Jackie22, if you find an extra one of those independent men you described feel free to send him up here. I'd love to be in a relationship but since I've put myself at the end of the road on a remote island in Alaska.....I think my chances are slim to non at finding one.
 
I've lived alone, with a dog or cat or both for well over 30 years now. I cherish the idea that I can do whatever I want, whenever I want, without having to consult with anyone else. I was married for over 13 years, and I never had any independence. I was expected to be there when he came home, expected to have the house clean and tidy and all the washing and ironing done and a hot meal on the table. Now, if I choose to, I can have an egg on toast for my evening meal - leave the washing or ironing for another day. I certainly know which I prefer.
 
Hi Kim,

I guess I have to agree with most here in saying I like my independence, do what I want when I want. No one to worry about, or take care of but me. The only problem with that is, I feel like my life is selfish, and it might be nice to have someone to care for other then myself. So I've made a decision to get a doggy!


































imagesbig-dog2_small.jpg
 
I snagged it online Ina, LOL! I'm sure that it's a fake pic too, those dogs I do not think get quite that large, LOL!
 
Been there, done that, got a few T-shirts. Time to move on.

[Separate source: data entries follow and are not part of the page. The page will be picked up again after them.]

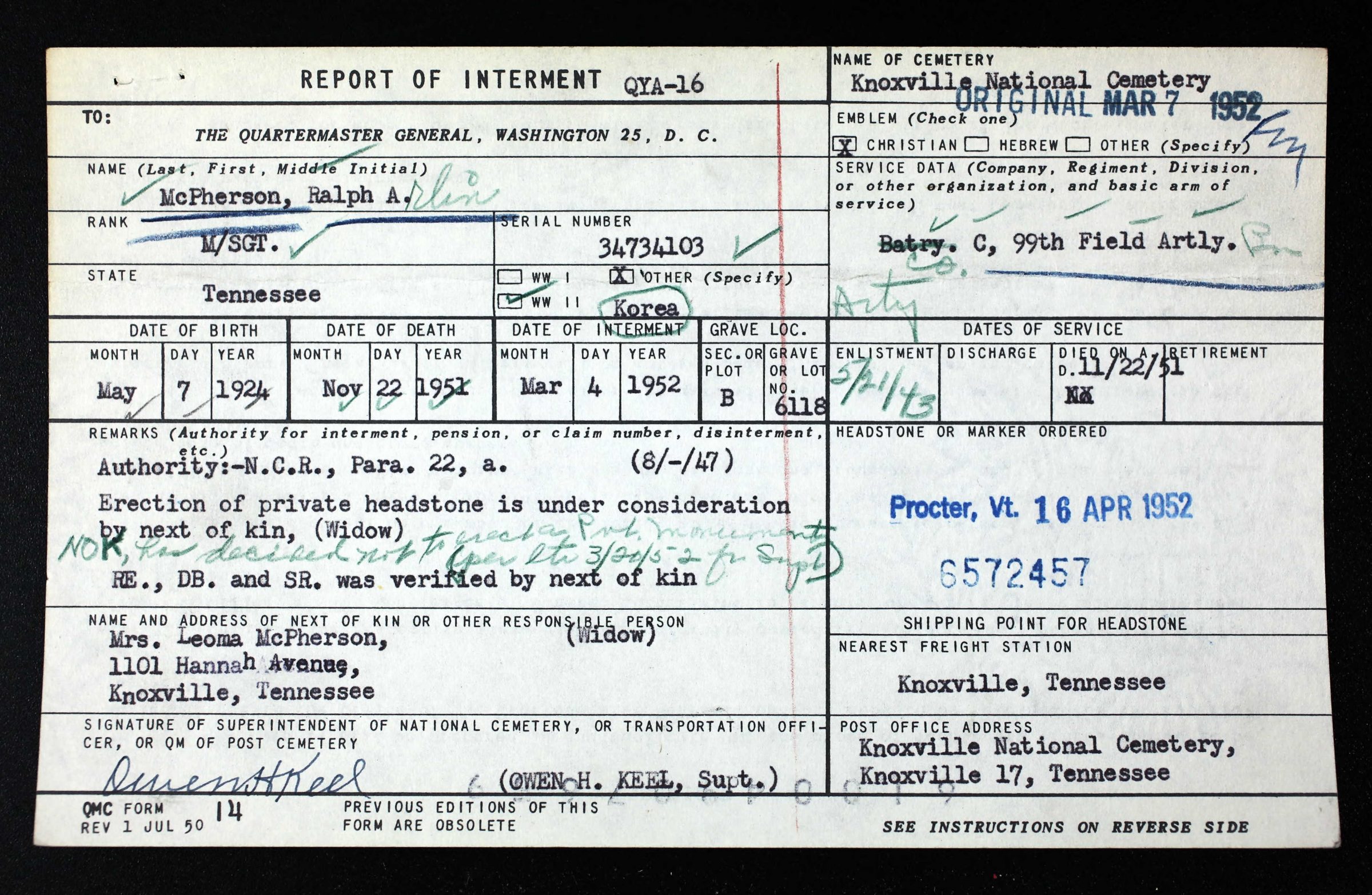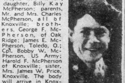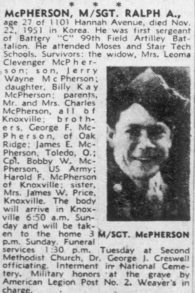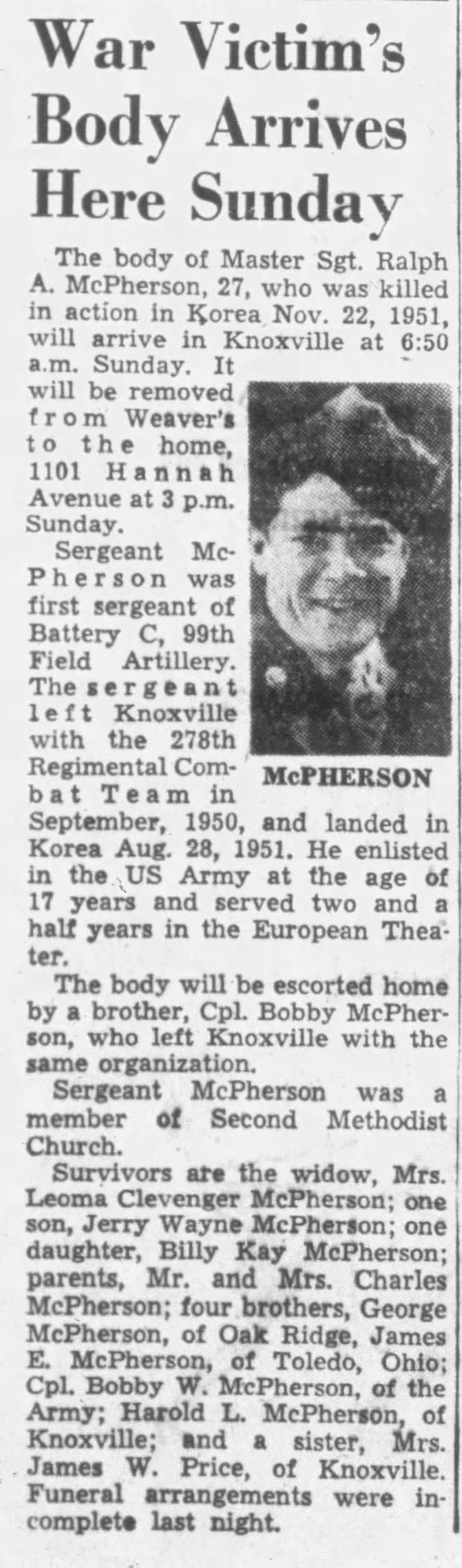 The body of Master Sgt. Ralph A. McPherson, 27, who was killed in action in Korea Nov. 22, 1951, will arrive in Knoxville at 6:50 a.m. Sunday. It will be removed from Weaver’s to the home, 1101 Hannah Avenue. Sergeant McPherson was first sergeant of Battery C, 99th Field Artillery. The sergeant left Knoxville with the 278th Regimental Combat Team in September, 1950, and landed in Korea Aug. 28, 1951. He enlisted in the US Army at the age of 17 years and served two and a half years in the European theater. The body will be escorted home by a brother, Cpl. Bobby McPherson, who left Knoxville with the same organization. Sergeant McPherson was a member of Second Methodist Church. Survivors are the widow, Mrs. Leoma Clevenger McPherson; one daughter, Billy Kay McPherson; parents, Mr. and Mrs. Charles McPherson; four brothers, George McPherson, of Oak Ridge, James E. McPherson of Toledo, Ohio; Cpl. Bobby W. McPherson of the Army; Harold L. McPherson of Knoxville; and a sister, Mrs. James W. Price, of Knoxville.
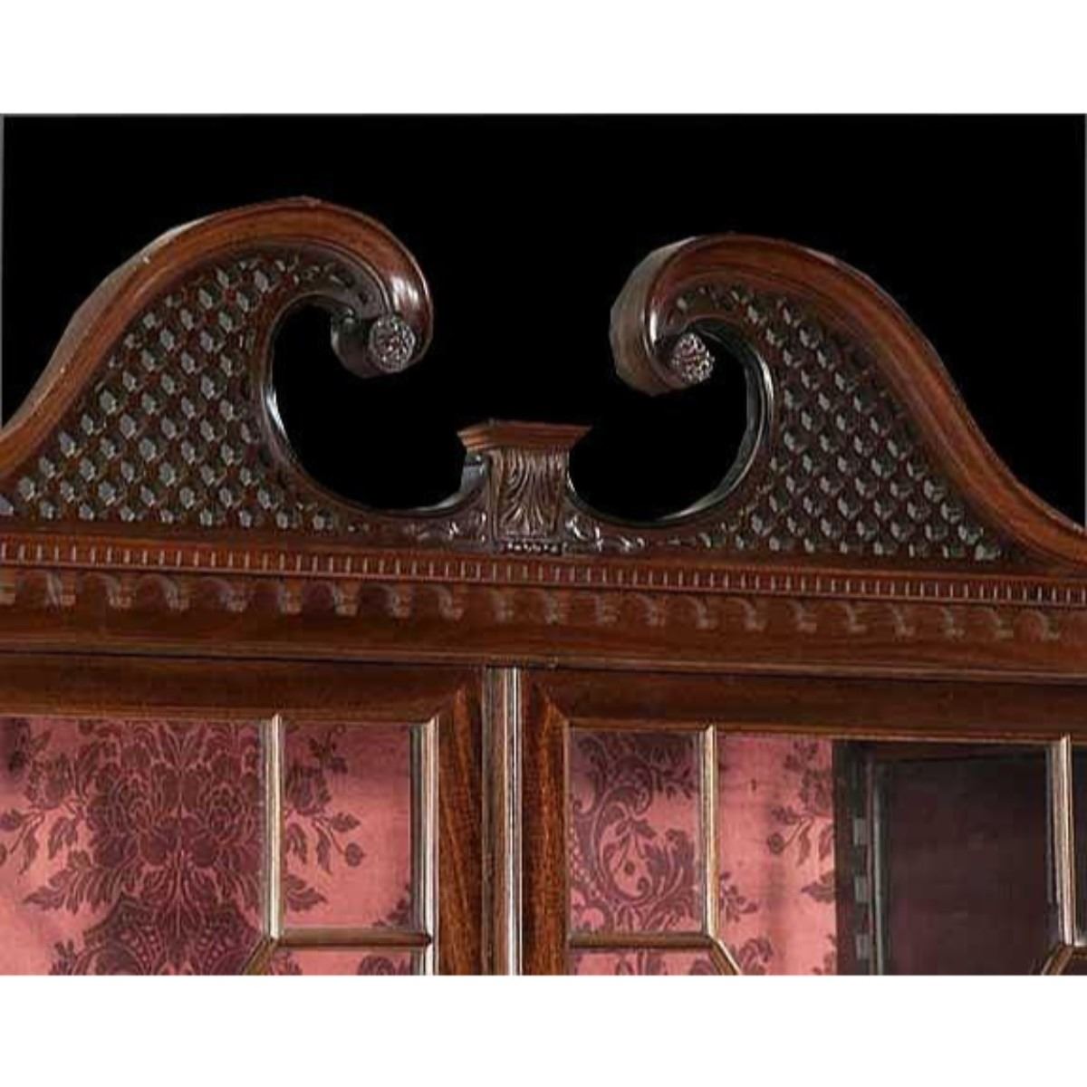 Chippendale-style mahogany bookcase cabinet. Pierced broken arch pediment, thirteen pane Mullion glass doors, carved apron & ball & slaw feet. HAS KEY for door lock! c.1890. 50"W X 17"D X 78"H.
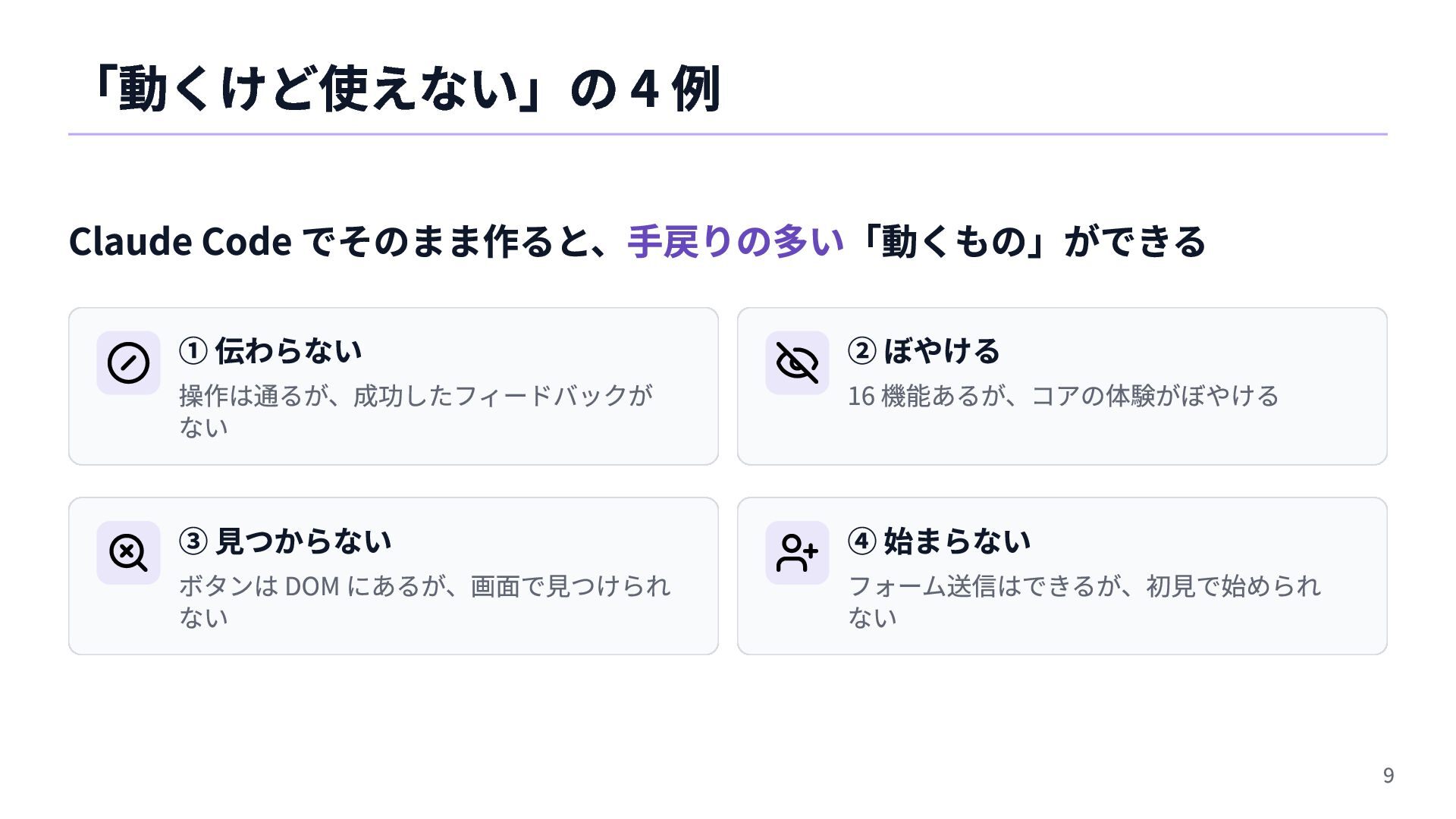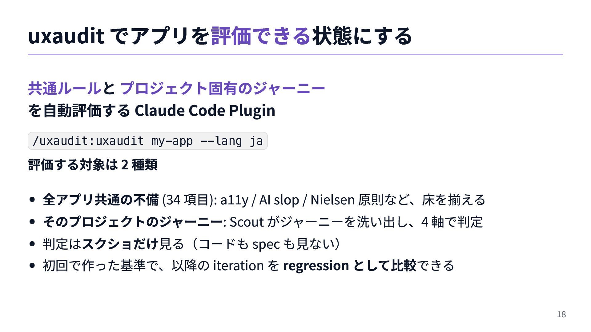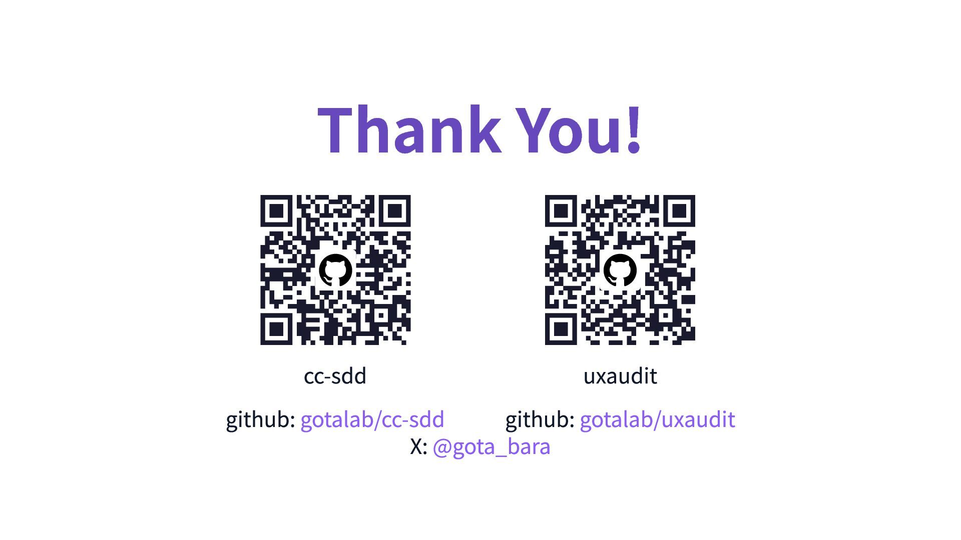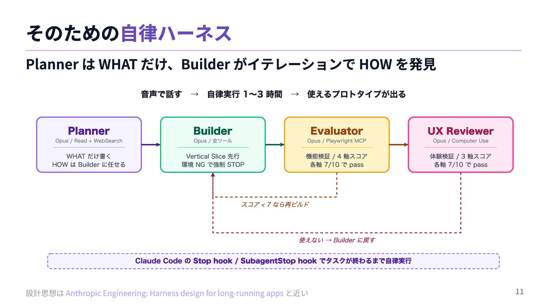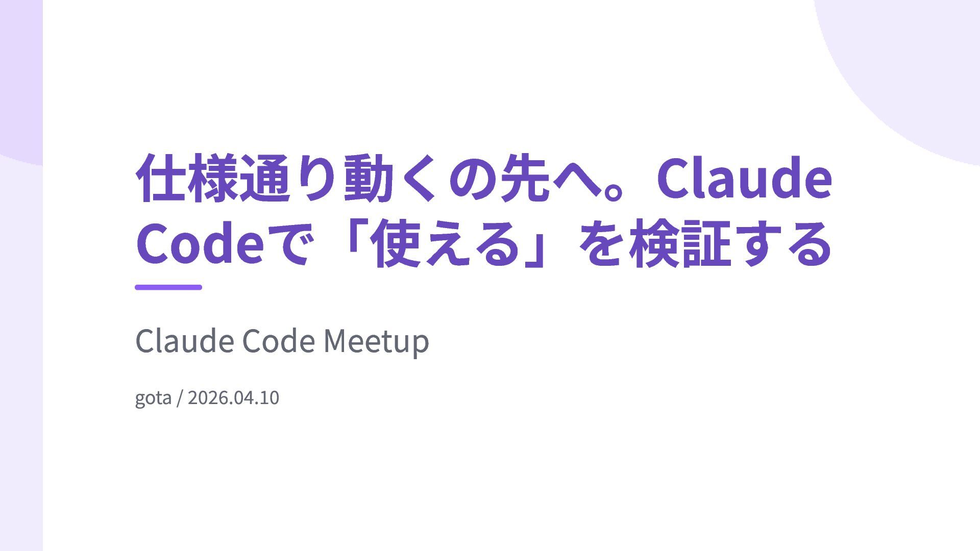 Claude Code Meetup Japan #4での発表資料。「仕様通りに動く」と「ユーザーが使える」の間にあるギャップを、Claude Code の自律ハーネスと uxaudit で埋める方法を紹介する。cc-sdd v3.0による長時間自律実装、Planner / Builder / Evaluator / UX Reviewer のシンプルなハーネス設計、Credo (5 原則) の Skill 注入、Computer Use による画面操作評価、uxaudit のジャーニー自動評価と iteration 比較 dashboardまで、実装から検証の一気通貫をカバーしている。実プロジェクトの dashboard、スクショを交えた実務者向けの内容。Claude Code でプロダクト開発を回している人、UX評価の自動化に関心がある人向け。
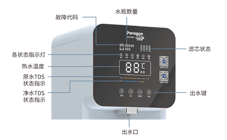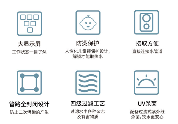 除此之外,此款商务直饮机还采用了整机管路全封闭设计,可从入水、储水到出水整个环节,有效减少细菌的滋生,进一步防止二次污染的产生。以及人性化的儿童锁保护设计,防烫保护,必须解锁才能取热水;灯光显示水温,防止误操作,出水温度实时监测。一目了然,操作透明简洁。
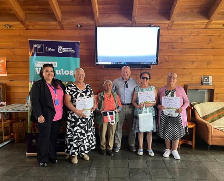 En la jornada participaron el alcalde de Panguipulli, Rodrigo Valdivia Orias, junto a la coordinadora de SENAMA, Yecxabeth Lange Guarda, la encargada comunal del Programa Vínculos, Johanna Gómez Hernández, además de las profesionales del programa.
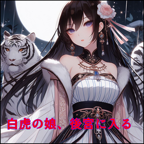 それまでは、魔法のiランドで数年投稿していましたが、今年3月末に、ここの一部になりました。私自身、ビビッております。だっていきなりメジャーですもん。で、以前、コンテスト用に投稿した「白虎の娘、後宮に入る」を全面的に書き直してアップする事にしました。下の画像(AIで作成)が表紙だったんですけどね。
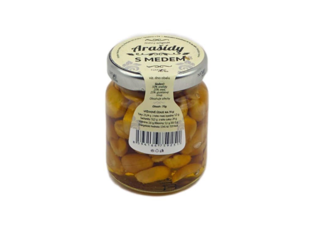 Složení: 50 % arašídy, 25 % glukózový sirup, 25 % med
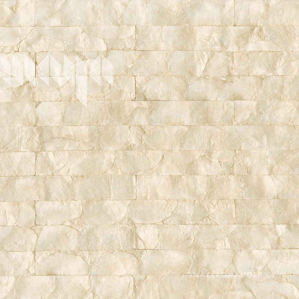 Genuine hand‑inlaid capiz shell tiles comprised of one‑inch strips. Mother of Pearl’s stain‑resistant finish is durable, cleanable and flexible. When pasted, tiles have the capability to turn corners and wrap columns. Install in running bond, horizontal or vertical.
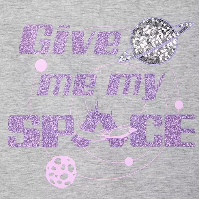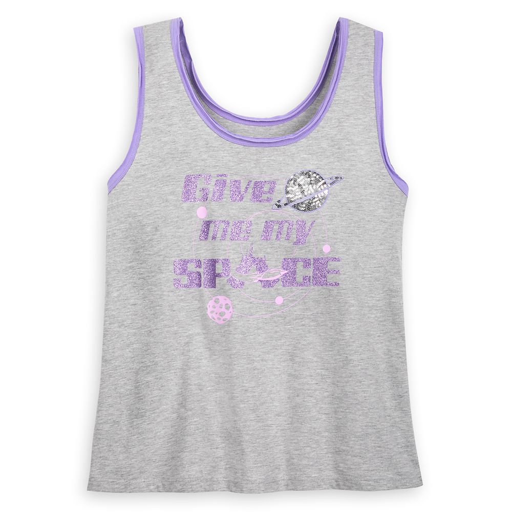 The gray tank top features the phrase “I Need My Space, in a glittery purple, with the “a” in Space taking the shape of the iconic attraction building, while a rocket and planets finish the look.
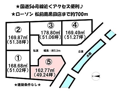 松前町北黒田にあります、5区画分譲地の1区画です♪約51坪ございます♪
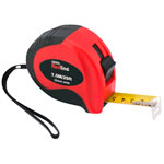 A 7.5m / 25ft. feature-packed metric / imperial measuring tapes with soft grip plastic case, belt clip, power return blade, wrist strap and locking button.
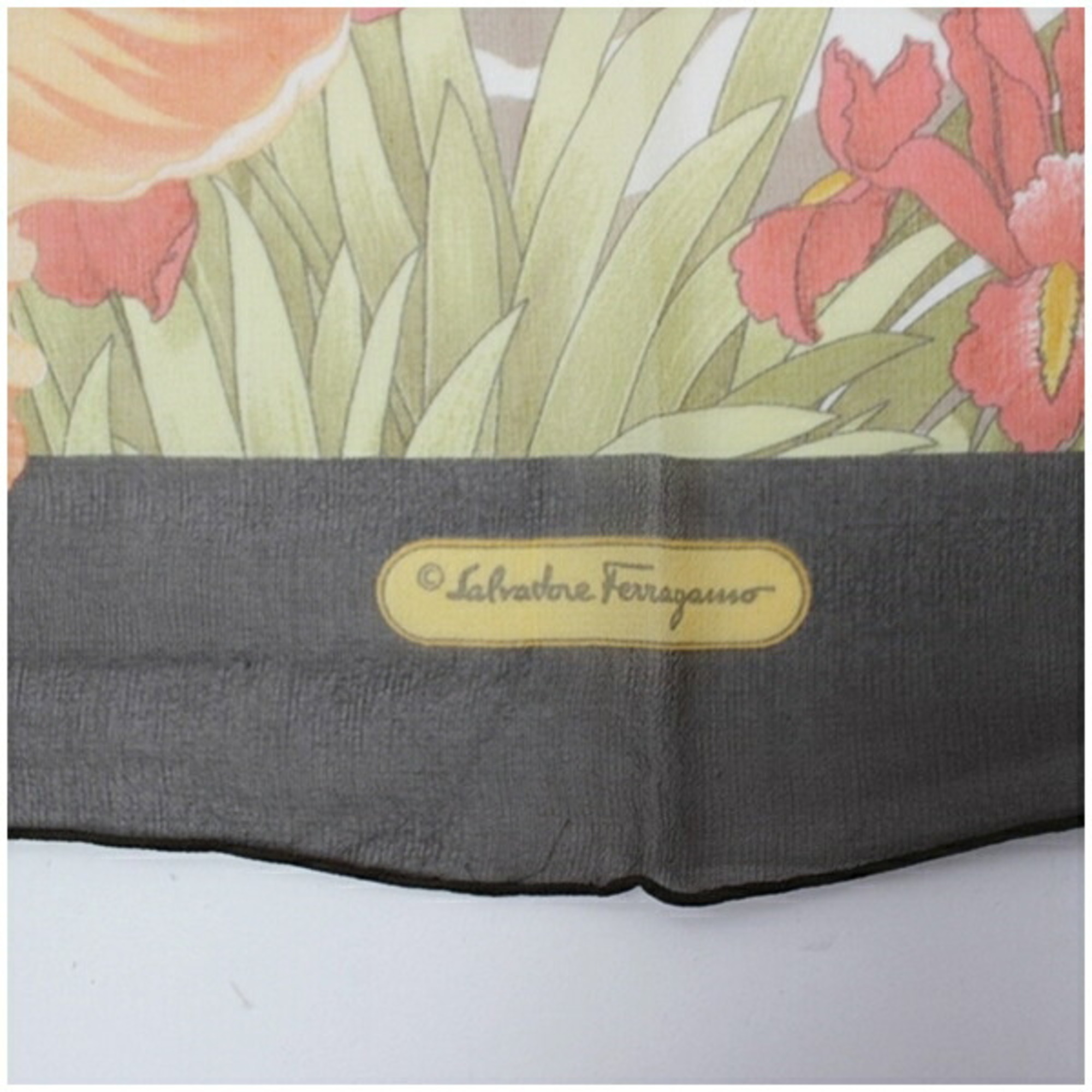 Be the first to review “Salvatore Ferragamo Women’s Unused Silk Rectangular Scarf in Gray and Orange”

Tired of having to monitor what I say and do; I had always thought that the ideal relationship was one where you could be 100% truthful with someone, but then those feelings get involved and those feelings get hurt.

Oooo ... feelings! Aren't we all bloody proper with our pinkies in the air! Ooooo! :mad:

I think I'm just too self-centered to be in any relationship except with myself. I can't even master that one, so I don't think there's much hope for getting a handle on any other ones.
 
I read a dating profile once and the guy said he didn't want no gal who didn't think farts were funny! I wrote him right away, LOL!
 
I'm single because 32 years ago I went through divorce #3 and decided enough of that! Either I make bad choices or I'm impossible to live with regardless, the common denominator is me.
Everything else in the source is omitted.